Marianne Dubuc’s moving cyclical tale has a quiet beauty that holds readers in its thrall throughout, and demonstrates so touchingly the power of intergenerational friendships. Her scenes, both intimate and expansive, are superbly detailed and beautifully textured, and her colour palette spot on for the rural setting.

Witchfairy

Witchfairy
Brigitte Minne and Carll Cneut
Book Island

Another beauty from Island Books and it’s a picture book wherein the author upturns more than one story norm as you’ll come to know if you get your hands on this innovative tale.

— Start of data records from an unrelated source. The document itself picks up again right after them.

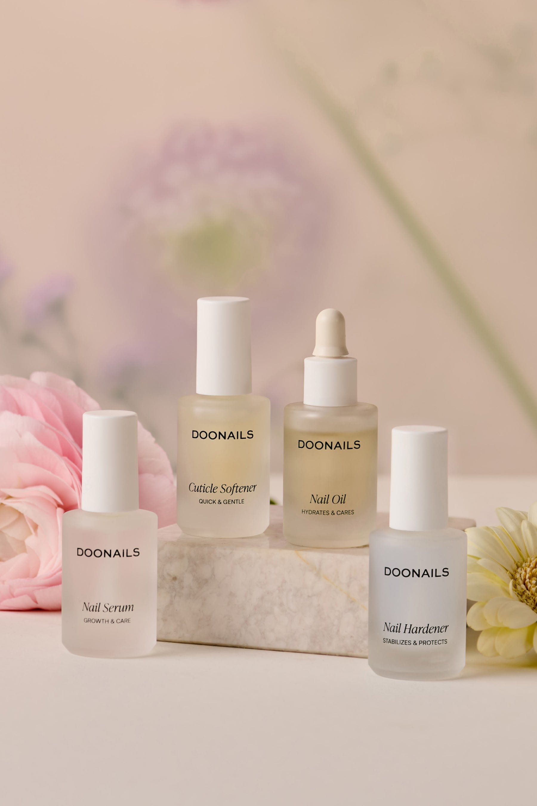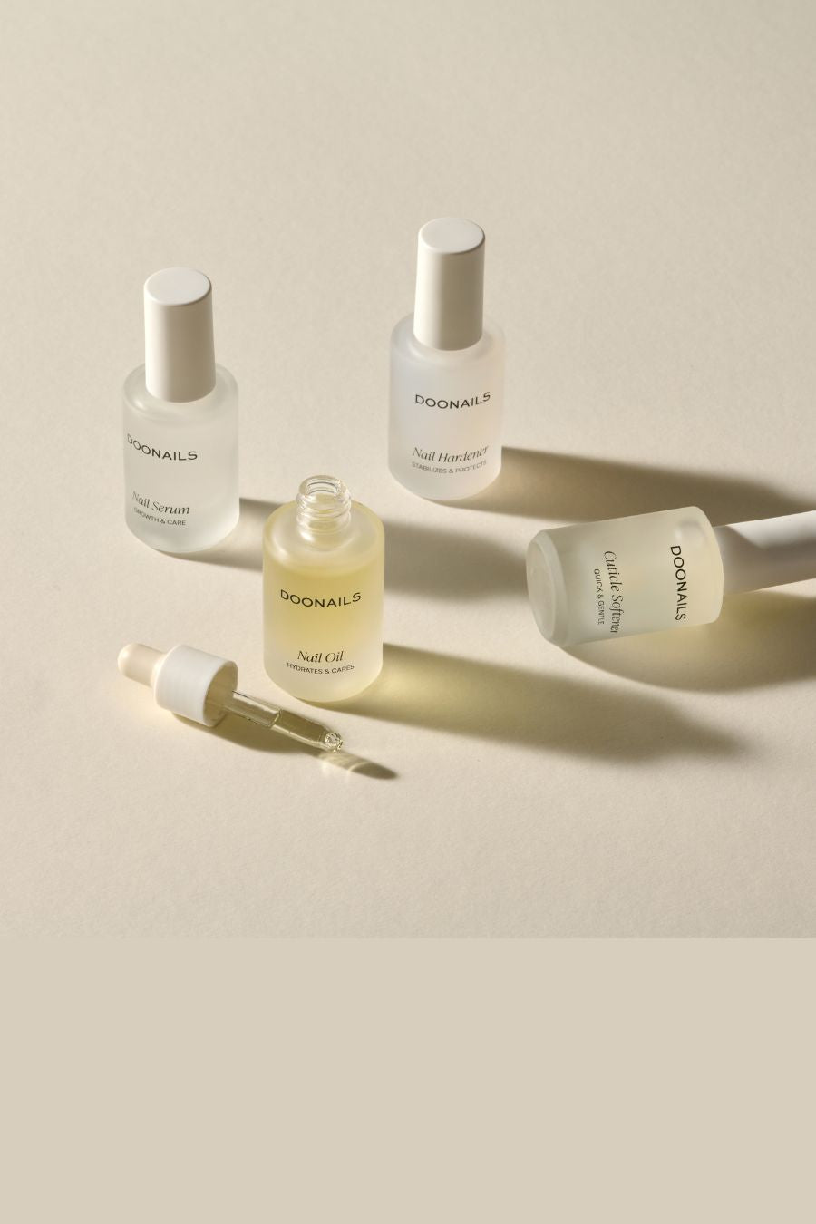 Met de Doonails Nagelverzorgingscollectie krijg je alles wat je nodig hebt voor professionele en gezonde nagelverzorging thuis. De hoogwaardige verzorgingsproducten zoals nagelserum, nagelolie, nagelriemverzachter en nagelverharder zijn speciaal ontwikkeld om breekbare nagels te versterken, de nagelriemen zacht te verzorgen en de natuurlijke nagelgroei te bevorderen.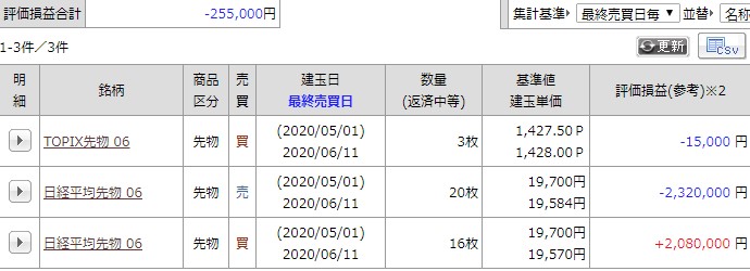 現在の建玉は
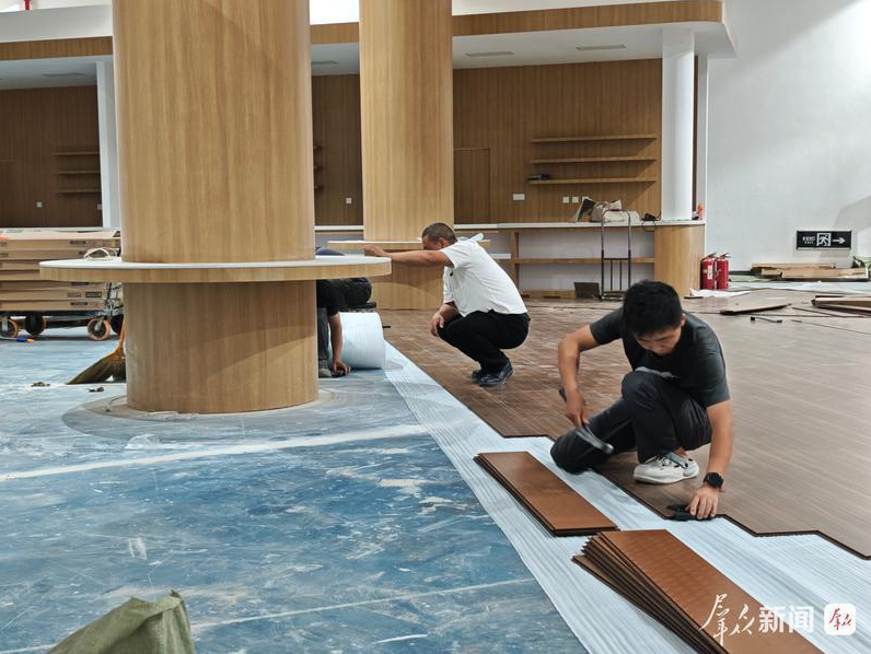 农高会A馆内,工人们正在加紧铺设地板、搭建展台

Rosemary is a young fairy, a deliciously divergent one who’d much prefer a pair of roller skates to the ‘stupid magic wand’ birthday present given to her by her mum.

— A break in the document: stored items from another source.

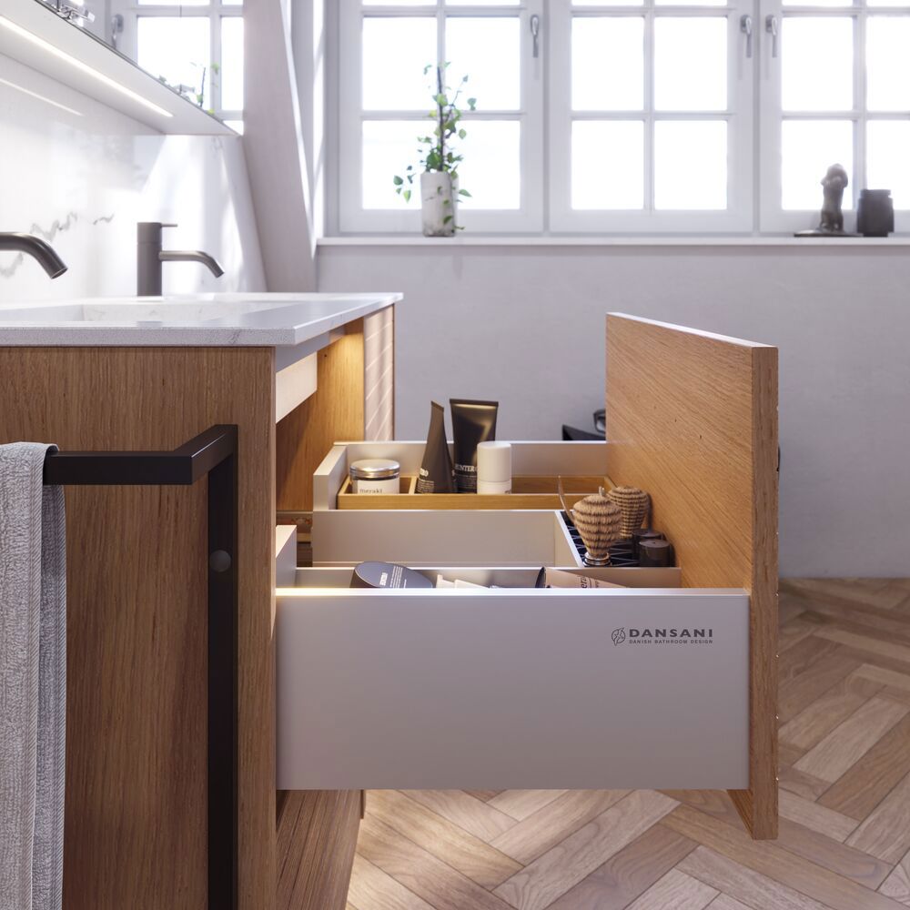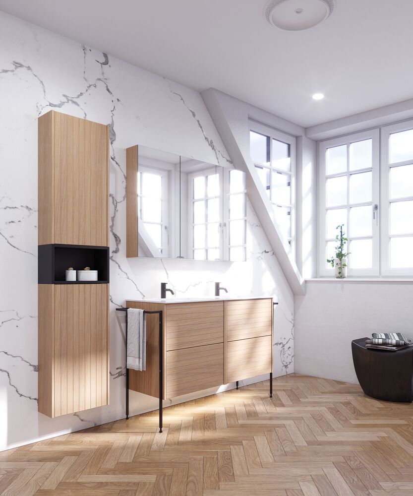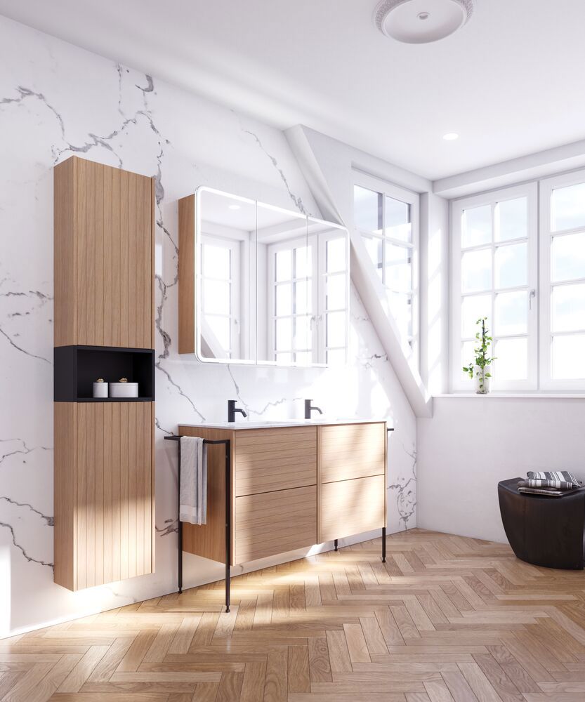 Skapa en unik stil i ditt badrum med tvättställsskåpet med lamelfront. De två lådorna, som är 32 cm höga, ger dig optimal förvaringsplats för att hålla ordning på dina badrumsartiklar. Lamelfronten ger ett karaktäristiskt och modernt utseende som sticker ut och tillför personlighet till ditt rum. Detta skåp kombinerar funktionalitet med estetik och är den perfekta lösningen för den som vill ha ett badrum som är både praktiskt och stilfullt. Kom ihåg att komplettera badrumsmöblerna med små, praktiska detaljr som du har glädje av varje dag. Exempelvis belysning i lådor och skåp, inbyggda eluttag och rörelsesensor på underbelysningen för att underlätta nattliga badrumsbesök. Dessa tillval beställs samtidigt som du köper dina möbler.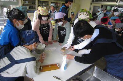 多目的室での講話後に、家庭科室で実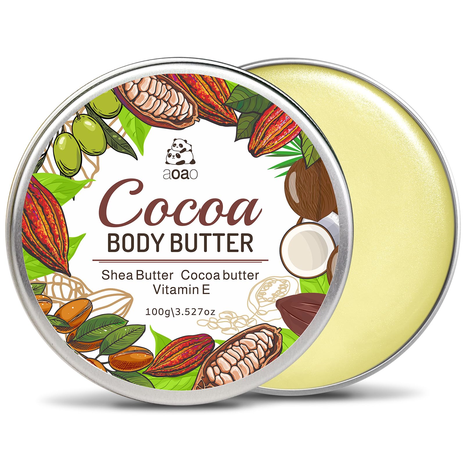 AOAO Cocoa & Shea Body Butter for Rough Cracked Skin Deep Hydrating Treatment Melts into Rough Skin for Rapid Relief & Long-Lasting Smoothness Daily Moisturizer to Soothe Dryness 100g/3.5oz
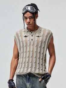ROMWE Avant Hombres Chaleco de punto desgarro tejido de cable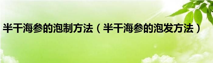 2、半干海参泡法步骤1/5器皿我都是严格按照要求无油的加适量的纯净水水要没过海参多些十厘米左右等海参都变软不硬就行啦(期间每隔五六小时就换一次水)这时可以制作冰块备用ps:这次我用的是半干海参六七个小时就行啦要是全淡干的时间会久一些2/5用剪刀顺着海参肚子上的口剪开我两边都是剪到头的这样好清理我都是用手从牙齿的部位往外揭开沙嘴和牙齿就都弄掉了至于肠我也是弄掉的如果不想弄掉的话要记得把肠截开几段据说不弄开会影响发出的大小3/5上锅煮锅内放纯净水和收拾清洗好的海参冷水上锅开锅后转中小火煮半小时然后关火等水自然冷却4/5很重要的一步哈要用到冰块啦(海参是热缩冷胀的很好玩)把海参放入加了冰块的纯净水中至少泡十二个小时期间换三次水和冰块最后一步把海参擦干水根据每次吃的量一个一组或者几个一组用保鲜膜包起来放到冰箱冷冻以后每次吃的时候拿出来再加工吃就好啦。

In fact, tired of her clean, neat, sweet, and exceedingly dull life as a fairy, she’d far rather be a witch, Rosemary decides.

Her mother of course, is completely horrified, the other fairies try to dissuade her, but the girl is having none of it: she’s a child who knows her own mind and so she packs her bags and leaves.

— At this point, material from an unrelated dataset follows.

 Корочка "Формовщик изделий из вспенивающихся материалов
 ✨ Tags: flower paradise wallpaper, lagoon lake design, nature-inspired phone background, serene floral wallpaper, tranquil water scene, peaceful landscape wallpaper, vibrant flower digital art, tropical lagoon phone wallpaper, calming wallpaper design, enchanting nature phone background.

Life in the witches’ wood suits Rosemary perfectly; she constructs herself a treehouse and a boat,

and eats nuts and berries. She even gets to try out roller skating thanks to the kindness of one of the other witches.
Seemingly she can teach the other witches a few tricks too.
But exciting as this new life of hers might be, Rosemary eventually realises that she’s made her mother sad by sticking with her decision to leave home.

Could there perhaps be a way she can bridge both worlds; perhaps being a ‘witchfairy’ is the solution …

Delectably dark and with an underlying message about holding fast to what you want to be or do – says someone who has done just that, it warms your heart.  Let determination carry you through, however tough the odds.
Here’s a superb, exquisitely illustrated picture book, which demonstrates just that.

I’ve signed the charter  

One House for All

One House for All
Inese Zandere and Juris Petraškevičs
Book Island

A parcel from Book Island publishers is always exciting; their books exude quality and originality. It’s certainly so in this unusual take on the extended family.

Three good friends, Raven, Crayfish and Horse meet together and hold a discussion. Each wants to get married and have a family, but their friendship is so strong that a way must be found to preserve it. What can they do to remain close?

The friends decide to build a wonderful new home where they can live together; but a home that encompasses all their needs is no easy matter.

Three sketches are drawn up in turn with the three animals each clearly outlining his perfect family home.

It will come as no surprise when I say that the three homes are totally different.

Surely this isn’t to be the end of a beautiful friendship or a calling off of the marriages …

The power of the story lies in the simplicity of its telling: that, and the absolutely superb, vibrant illustrations make for a strikingly beautiful book.

Let difference, respect and friendship thrive, no matter how, no matter what.
Here’s a book that could help all three flourish.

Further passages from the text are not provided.